Inducement / False Promise “Sign this plan & you’ll reunify.” Plans engineered for failure. Fraud, deception.
Emergency Removal Seizure without warrant or adversarial review, based on hearsay. Threat, use of force, abduction.
Conditioning Compliance Compelled services/tests under threat of loss or jail. Coercion, abuse of power.
Isolation & Gagging Supervised visits, gag orders, sealed records. Coercion; abuse of power.
Financial Incentive Title IV-E adoption subsidies; quota culture. Payments/benefits to controllers.
Paper Trail Laundering Sealed files, altered notes, hearsay accepted as fact. Fraud, deception.
Transfer / Adoption Permanent transfer to unaffiliated parties; erasure of parentage. Trafficking outcome with financial benefit.
Retaliation for Dissent Contempt findings, new allegations, speech suppression. Coercion; chilling petitions.
Systemic Reinforcement No juries, low evidentiary bar, sealed appellate record. State complicity sustaining the pattern.
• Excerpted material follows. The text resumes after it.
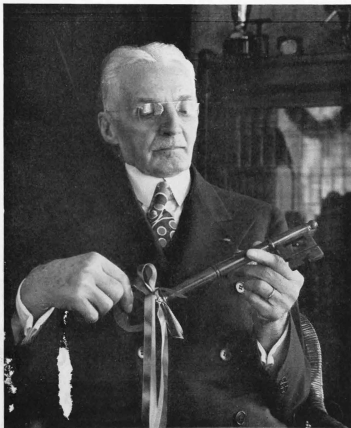
KEY TO THE HILL

Step-by-Step Pattern (With Proof Elements)

1) Identification / Targeting

Agencies profile parents (poverty, disability, addiction, youth) via hospital/school/police referrals dressed as “risk assessments.”

Proof element Abuse of power; exploitation of vulnerability.
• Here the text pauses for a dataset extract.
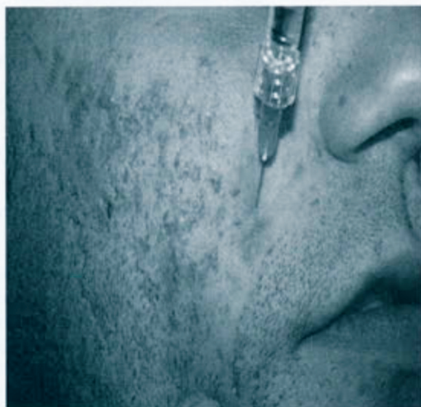
Figure 3.—Painless injection of hyaluronic acid with a 18-Gauge needle.

2) Inducement / False Promise

Parents are told to “sign the plan and comply” to reunify; the plan’s design (cost, scheduling, gatekeeping) makes failure likely.

Proof element Fraud; deception regarding legal consequences and realistic outcomes.
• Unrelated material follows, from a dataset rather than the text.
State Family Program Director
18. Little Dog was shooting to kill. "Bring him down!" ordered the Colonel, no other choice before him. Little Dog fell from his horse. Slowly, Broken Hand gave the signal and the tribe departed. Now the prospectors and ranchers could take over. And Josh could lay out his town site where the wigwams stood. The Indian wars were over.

3) Removal by Threat or Force

Children are seized under “imminent danger” without warrants or adversarial hearings, often on hearsay rather than verified harm.

Proof element Threat; use of force; abduction.

4) Conditioning Compliance

Parents compelled into evaluations, drug tests, and programs under constant threat of permanent loss or incarceration.

Proof element Coercion; abuse of power; fear leveraged to compel obedience.

5) Isolation & Deprivation

Only supervised visits; hostile scheduling; gag orders chill speech; sealed records prevent external review.

Proof element Coercion; abuse of power through isolation and silencing.

6) Financial Incentive

Funding prioritizes finalized adoptions; workers/agencies rewarded for permanence metrics, not reunification stability.

Proof element Payments/benefits to persons in control of the victims.

7) Paper-Trail Laundering

Sealed proceedings; permissive evidentiary standards; selective or altered documentation to justify removals and TPR.

Proof element Fraud; deception; concealment.

8) Transfer / Adoption

Child permanently transferred to unrelated parties; original family bonds legally extinguished; subsidies continue post-transfer.

Proof element Trafficking outcome with sustained financial benefit.

9) Retaliation for Dissent

Parents who petition or speak publicly face new allegations, contempt findings, or escalated requirements.

Proof element Coercion; intimidation to suppress rights.

10) Systemic Reinforcement

Absence of jury trials; limited discovery; sealed appeals; internal audits opaque—pattern persists by design, not accident.

Proof element State complicity sustaining a pattern meeting trafficking criteria.

Evidentiary Notes (How to Document)

  • Compare plans vs. capacity: calendars, costs, travel distance, gatekeeping emails.
  • Removal basis: warrants, affidavits, recorded calls; track hearsay vs. verified harm.
  • Isolation proof: visit logs, cancelled sessions, gag orders, denied media requests.
  • Financial trail: state IV-E reports, adoption subsidies, incentive memos, quota emails.
  • Record integrity: metadata, version histories, conflicting notes; motions to unseal.

Requested Remedies (Summary)

  1. Recognition that the documented pattern satisfies international trafficking elements.
  2. Immediate moratorium on incentive structures tied to adoption throughput.
  3. Jury trials and strict evidentiary standards for all permanent removals/TPR.
  4. Independent truth-finding review; restoration of rights where feasible.
  5. Trauma-informed reparations to wrongfully separated families.
  6. External monitoring with public reporting until pattern abates.

Disclaimer: Advocacy exhibit for international review. Not legal advice.